A digital nonenzymatic nucleic acid amplification assay for ultrasensitive detection of cell-free microRNA in human serum

Few point-of-care (POC) molecular methods exist that are as sensitive as polymerase chain reaction (PCR) while maintaining the simplicity, portability, and robustness for detecting specific nucleic acids in complex sample media. Here, we developed an isothermal nonenzymatic amplification cascade, named sequential nonenzymatic amplification (SENA), and its digital assay version (dSENA), for the ultrasensitive detection of cell-free microRNAs (miRNAs) in diluted human serum with a >95% recovery rate. SENA consists of two layers of DNA circuit-based amplifiers, in which the hybridization chain reaction (HCR) and catalyzed hairpin assembly (CHA) were concatenated to amplify the signals by more than 4000-fold. The sensitivity was further improved in dSENA, where a limit of detection (LOD) down to 5 fM was achieved under the optimized conditions.

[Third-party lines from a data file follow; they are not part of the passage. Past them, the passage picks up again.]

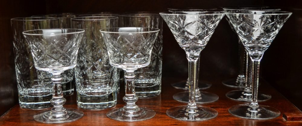 ELEGANT CUT CRYSTAL STEMWARE: Approx. 53 pieces to include 13 goblets (8 1/2''), 8 champagne sherbets (6 1/2''), 8 wine (5''), 8 wine 4 3/4''), 8 wine (4 1/2'') and 8 tumblers (4 3/4'').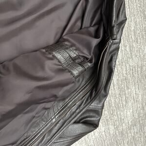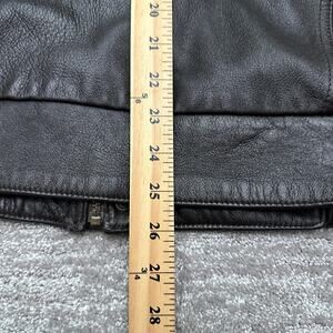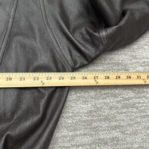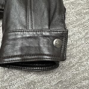 Pre-owned jacket with supple leather and light creasing from gentle wear. Leather is scuffed on one of the cuffs. Lining is clean and intact, and all snaps and zipper function properly. No tears, holes, or stains on the leather or lining.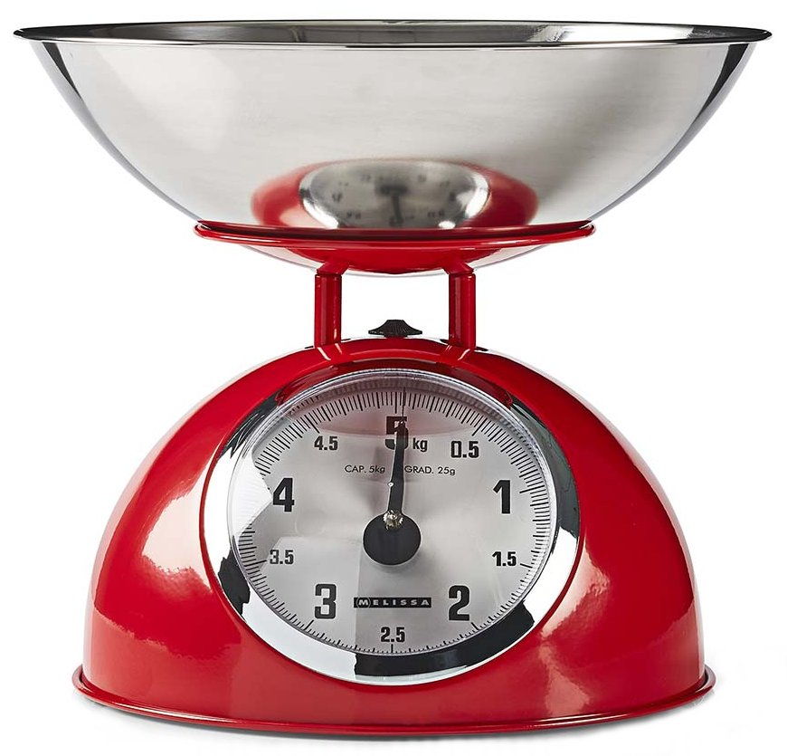 Stylová analogová kuchyňská váha s retro designem a praktickou vyjímatelnou mísou.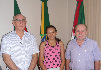 O prefeito Ribeiro e o vice Antolini com a aluna.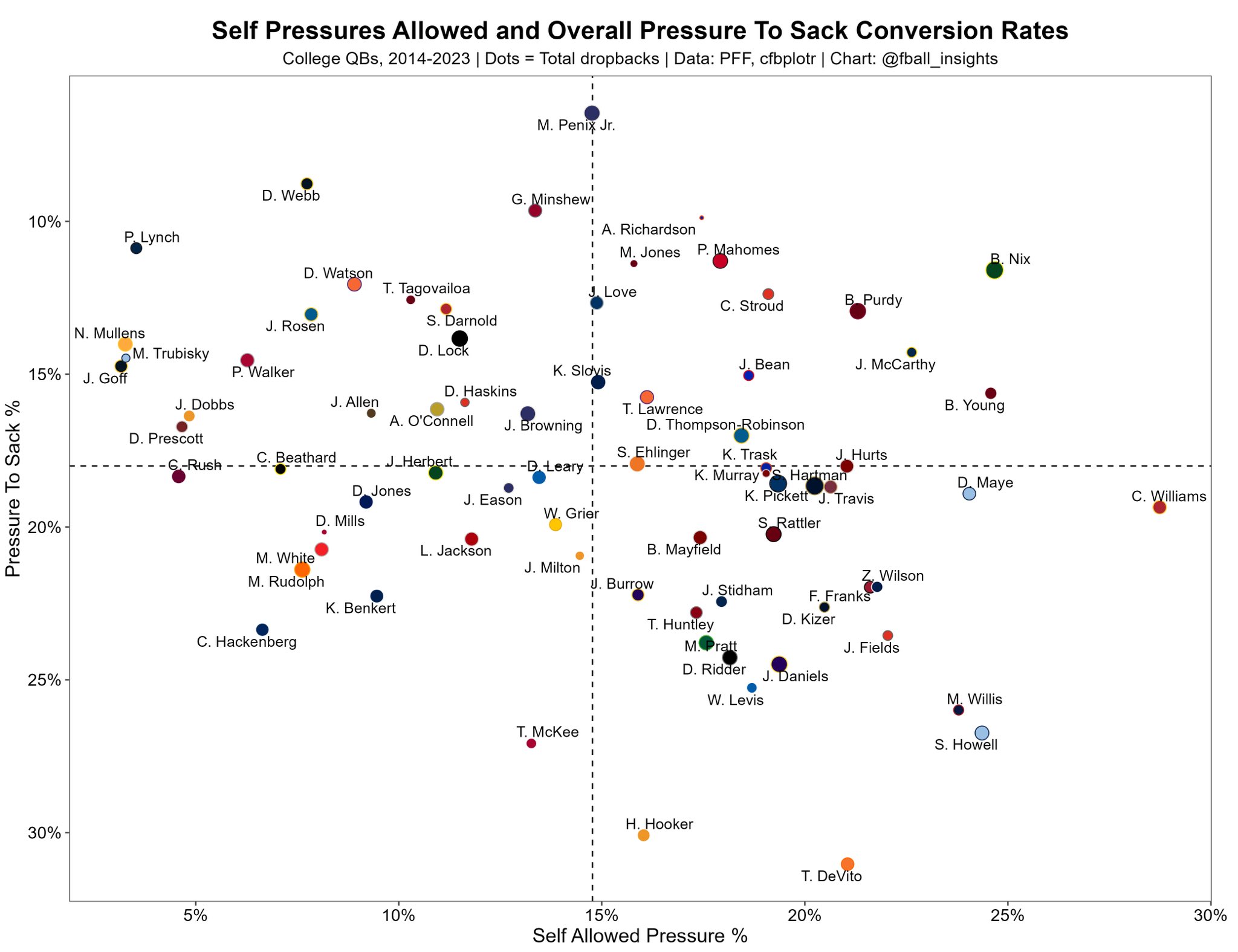 Neki már csókolómmal fognak köszönni a draft utáni rookie minicampben, ez fix. Több mint 60 meccset játszott egyetemen, fél évvel idősebb a 3 NFL szezont lejátszó Lawrence-nél, hagyok időt... Nyilván jól döntött Nix, hogy kimaxolta a college játék idejét mert most lesz legmagasabb az ázsiója, de ettől még kontextusba lehet tenni a játékát, hogy idősen túljárt a 19-20 éves védők eszén. De sajnos még ez sem teljesen igaz, mert jó játéka leginkább a rendszernek volt köszönhető, kevés olvasás, közeli célpontok, RPO-k. Auburben rossz rendszerben, fiatalon gyengén játszott, akkor mindenki eltemette ezt a státuszt sikerült javítani az Oregonban, de avatott szemnek hamar kiderül, hogy azért nem arról van szó, az isten adta tehetsége utat tört a nyugati parton.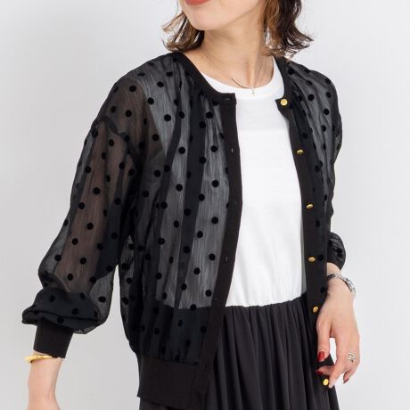 ・シアー感のあるドットプリントの布帛生地に、ニットのリブの付属を付けた、ブラウスライクなカーディガン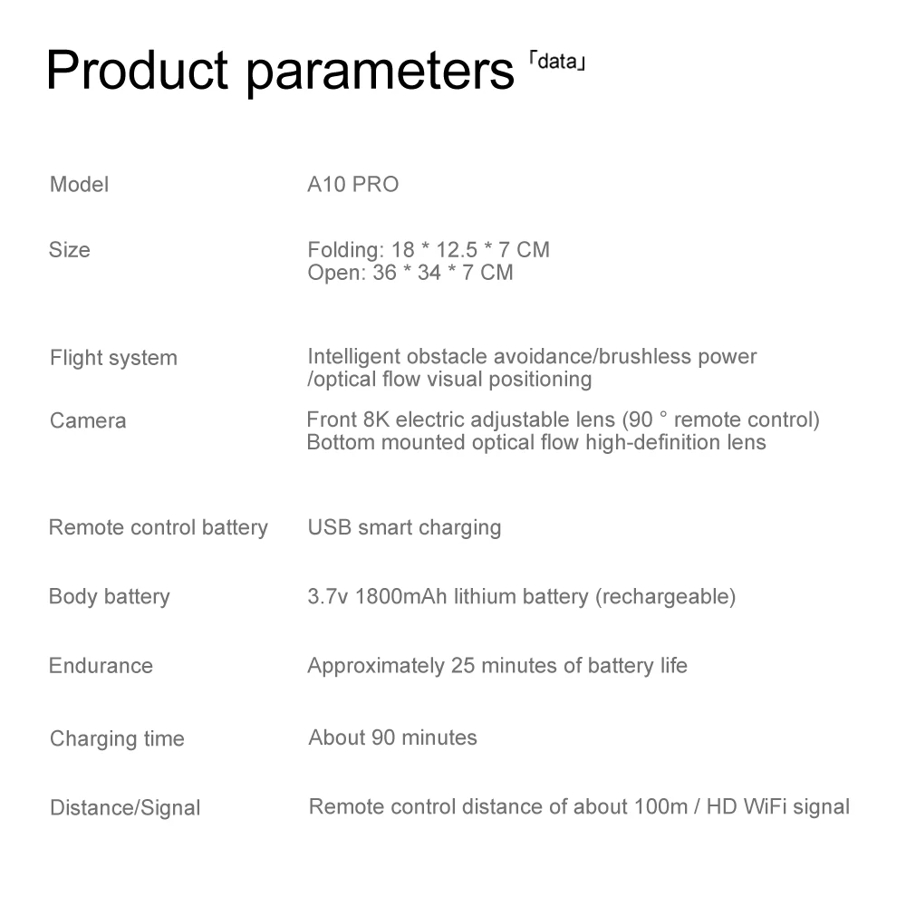 10. The product is light in size and weight, and the fuselage weighs 145g, which can avoid national air traffic control (drones over 250g in some countries need to be certified or registered, and 210g can avoid the trouble of verification and registration)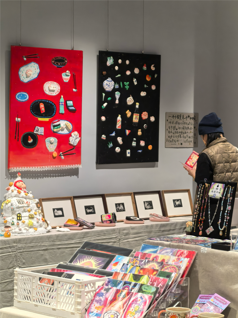 开幕当天,“艺术岛”内人头攒动,热闹非凡。众多艺术爱好者和市民游客纷纷前来参观体验,现场充满了浓厚的文化氛围。展览围绕“读者”、“生活”和“艺术”三个主题展现三个区域:文化墙、共创客厅和艺术馆。文化墙主要展示往期的《读者》杂志封面;共创客厅则是通过艺术家吴代杰老师的水晶边几、水晶椅的艺术装置呈现阅读生活场景,配以最新发行的《读者》杂志期刊、《读者日历2025》等生活类产品形成极具生活美学的阅读角;艺术馆板块可以看到第一期登岛青年艺术家徐20的艺术作品与艺术周边。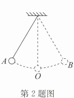 2. (2024·东台期中)如图所示,将摆球从A点静止释放,经过最低点O到达B点,A、B两点等高,摆球到达B点时动能为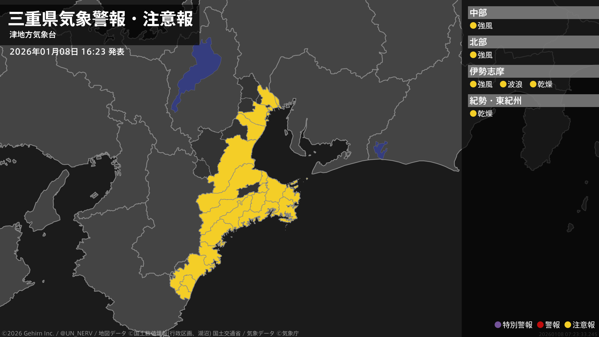 【暴風と高波に関する全般気象情報 2026年01月08日 17:07】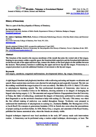 Forrai, Judit and Spielman, Andrew I. (2023) History of frenectomy. KALEIDOSCOPE: MŰVELŐDÉS- TUDOMÁNY- ÉS ORVOSTÖRTÉNETI FOLYÓIRAT, 13 (27). pp. 344-345. ISSN 2062-2597

SENA and dSENA together demonstrated a broad detection dynamic range over 6 logs of analyte concentrations (10 fM – 10 nM), and high specificity for discriminating target miRNAs from point mutations and other interference sequences. dSENA was demonstrated to quantify expression levels of miR-21 and miR-92 in colorectal cancer patient serum with accuracy comparable to RT-PCR. Given its simplicity, compactness, and PCR-like performance, SENA holds great potential in POC miRNA or ssDNA analysis.